Dodecahedra

Originally posted by Thomaster
So you have painted a lot of dodecahedra? 😛

Thankfully, my approach was not that inelegant.

Originally posted by LemonJello
I get 96. I think it is right, but the approach I used is not very elegant...still considering.

Consider it no longer, your answer is correct!

Be glad that rhombicosidodecahedra weren't chosen.

Hallo,

misreading the riddle, I got to a more complicated one (see next post). Here is a bit of what I got:

Consider one color alone, first.

1) Painting one face. Only one combination, rest is symmetrical.
2) Painting two faces. There are 3 distinct solutions on a dodecahedron (both touching, one in between and opposite to each other)
3) Painting three faces. There are already six unique solutions. I take two as touching, two always have to. How many combinations with the third?

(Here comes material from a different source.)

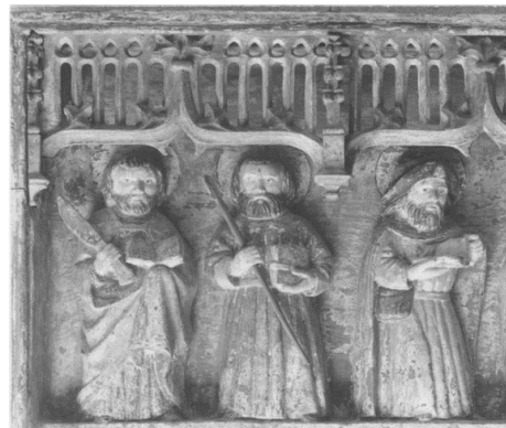
St Barthélémy (couteau), st Thomas (lance), st Jacques le Majeur (coquille)

It can touch both (symmetrical, only one solution), it can touch only one (this gives five combinations which are unique to each other - you can not change them by rotation into each other, only mirroring) or none (opposing the first). Finally, place three single faces on the surface (not touching each other). Of this exists at least one possibility. This gives 8 more.
4) Painting four faces. Starts to get difficult. We start with three touching each other and the 4th needs to be placed. This should give six distinct solutions, which can not be rotated into one another (the sixth is the not touching one). Next is: two pairs of two. There is at least one combination. Same holds true for a pair of two and two singles. This makes at least 8 unique solutions.
5) Have not managed yet. There are at least 3 (cluster of 5, cluster of 4+1, cluster of 3+2). How many of those, I dont know. It feels like, it should be at least 8. But modestly, it is 3.
6) see 5)
7) see 5), but inverted.
8) At least 8, same as 4), inverted.
9) At least 7, same as 3), inverted.
10) 6, same as 2), inverted.
11) Only 1. Same as under 1). Basically blue and colorless just swap places.
12) Only 1. All blue.

For one color alone we get at least: 1+3+6+8+8+3+3+3+8+7+6+3+1+1=62. I think. At least. We can do the same now for red. Gives another 62, at least.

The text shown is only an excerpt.